[Opening EXERCISE DATA section]

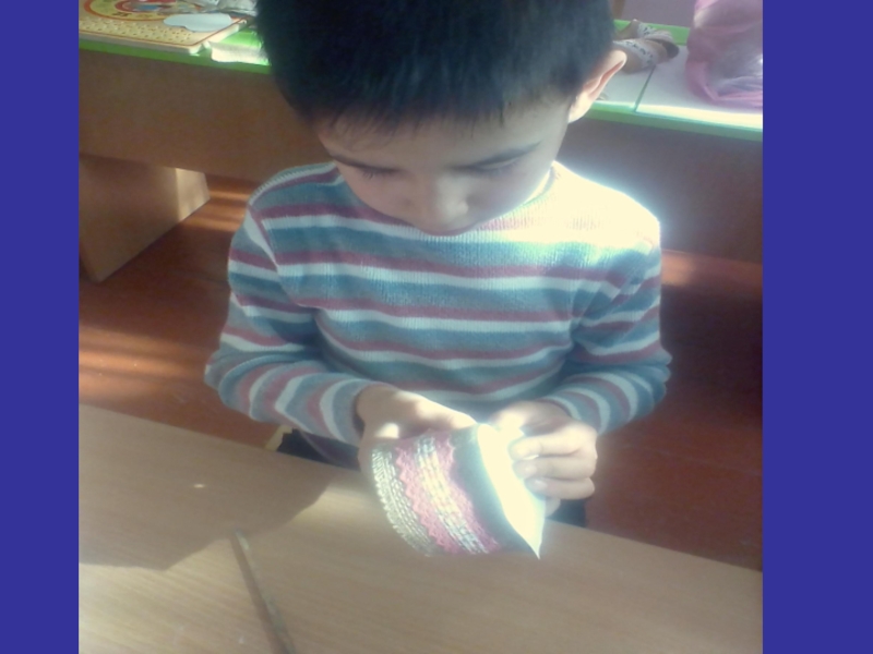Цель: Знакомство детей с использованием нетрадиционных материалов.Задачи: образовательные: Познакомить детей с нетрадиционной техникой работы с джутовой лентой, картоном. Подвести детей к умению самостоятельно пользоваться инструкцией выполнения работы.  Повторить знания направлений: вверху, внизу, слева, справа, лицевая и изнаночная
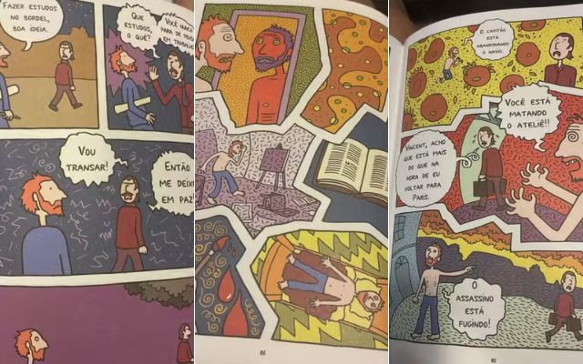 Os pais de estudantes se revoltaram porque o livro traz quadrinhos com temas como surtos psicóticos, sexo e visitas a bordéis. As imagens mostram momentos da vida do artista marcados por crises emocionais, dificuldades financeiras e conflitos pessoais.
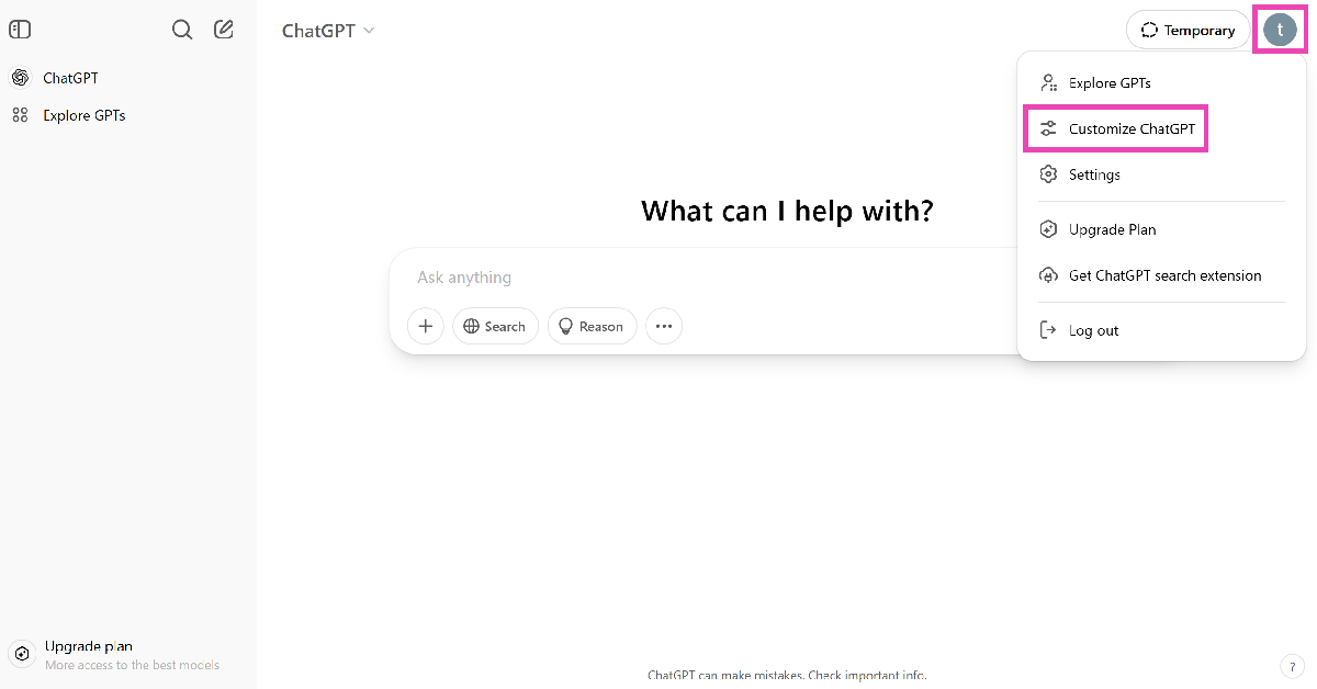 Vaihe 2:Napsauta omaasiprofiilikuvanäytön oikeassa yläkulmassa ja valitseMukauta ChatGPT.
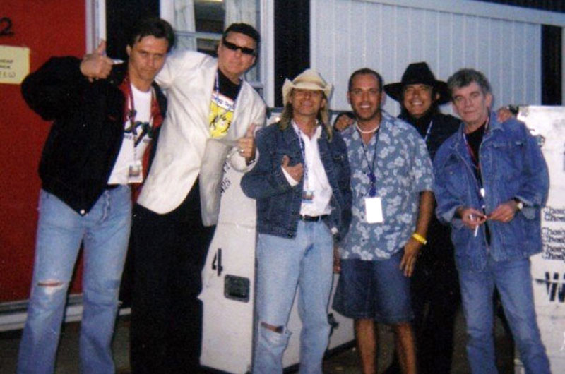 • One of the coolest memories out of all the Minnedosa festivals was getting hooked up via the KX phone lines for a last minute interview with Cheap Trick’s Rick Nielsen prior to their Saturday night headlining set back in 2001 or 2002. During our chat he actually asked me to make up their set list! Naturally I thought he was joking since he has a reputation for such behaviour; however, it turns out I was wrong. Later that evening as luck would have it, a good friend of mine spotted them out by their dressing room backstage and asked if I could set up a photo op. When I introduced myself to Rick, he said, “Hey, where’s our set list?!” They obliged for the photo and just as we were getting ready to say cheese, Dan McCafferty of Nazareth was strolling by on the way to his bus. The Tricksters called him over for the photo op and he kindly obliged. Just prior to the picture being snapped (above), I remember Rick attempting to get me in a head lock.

[Closing EXERCISE DATA section]

■ **WHAT THE EXERCISE ASKS**
Would you reproduce each line of the material exactly, omitting the images?

■ **THE COMPLETED TASK**
Цель: Знакомство детей с использованием нетрадиционных материалов.Задачи: образовательные: Познакомить детей с нетрадиционной техникой работы с джутовой лентой, картоном. Подвести детей к умению самостоятельно пользоваться инструкцией выполнения работы.  Повторить знания направлений: вверху, внизу, слева, справа, лицевая и изнаночная
 Os pais de estudantes se revoltaram porque o livro traz quadrinhos com temas como surtos psicóticos, sexo e visitas a bordéis. As imagens mostram momentos da vida do artista marcados por crises emocionais, dificuldades financeiras e conflitos pessoais.
 Vaihe 2:Napsauta omaasiprofiilikuvanäytön oikeassa yläkulmassa ja valitseMukauta ChatGPT.
 • One of the coolest memories out of all the Minnedosa festivals was getting hooked up via the KX phone lines for a last minute interview with Cheap Trick’s Rick Nielsen prior to their Saturday night headlining set back in 2001 or 2002. During our chat he actually asked me to make up their set list! Naturally I thought he was joking since he has a reputation for such behaviour; however, it turns out I was wrong. Later that evening as luck would have it, a good friend of mine spotted them out by their dressing room backstage and asked if I could set up a photo op. When I introduced myself to Rick, he said, “Hey, where’s our set list?!” They obliged for the photo and just as we were getting ready to say cheese, Dan McCafferty of Nazareth was strolling by on the way to his bus. The Tricksters called him over for the photo op and he kindly obliged. Just prior to the picture being snapped (above), I remember Rick attempting to get me in a head lock.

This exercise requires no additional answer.